> Problem description
Give back the whole listing exactly as written, pictures excluded.

> Data
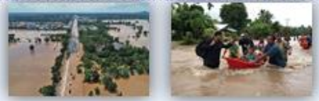
ภาพประกอบ ข้อ ๓ การบริหารจัดการน้ำลุ่มน้ำและปลายน้ำ
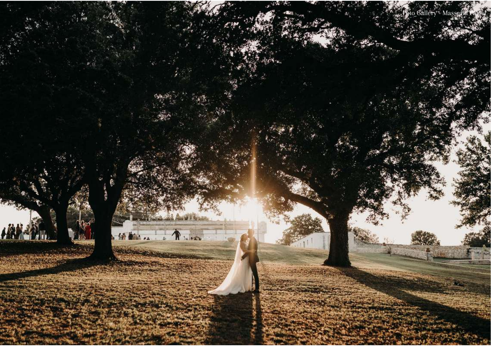
Photo Gallery - Masseria Tulesi
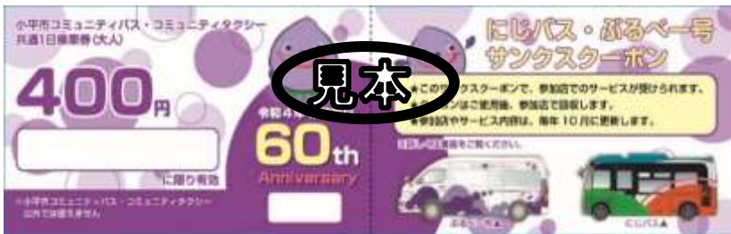
限定デザインの1日乗車券

1日乗車券は、にじバスとぶるべー号が1日乗り放題になる乗車券です。 3回以上乗るとお得で、乗り継ぎや市内めぐりなどに利用するのがおすすめです。
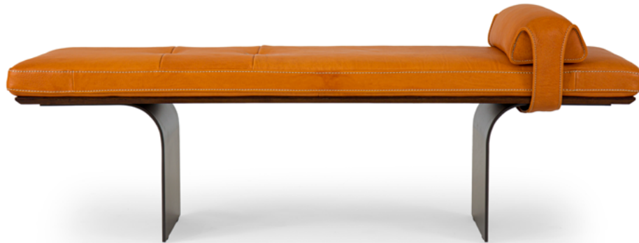
bench 150x45 h 46 / Seat+arm leather art. WATERFALL col. 45. Under seat lacquered Light Brown Oak. Metal feet finish col. Vulcan Grey.
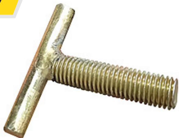
Mariposa 5/8" para asegurar fundas ó bases de horquillas

> Response to the task
ภาพประกอบ ข้อ ๓ การบริหารจัดการน้ำลุ่มน้ำและปลายน้ำ
Photo Gallery - Masseria Tulesi
限定デザインの1日乗車券

1日乗車券は、にじバスとぶるべー号が1日乗り放題になる乗車券です。 3回以上乗るとお得で、乗り継ぎや市内めぐりなどに利用するのがおすすめです。
bench 150x45 h 46 / Seat+arm leather art. WATERFALL col. 45. Under seat lacquered Light Brown Oak. Metal feet finish col. Vulcan Grey.
Mariposa 5/8" para asegurar fundas ó bases de horquillas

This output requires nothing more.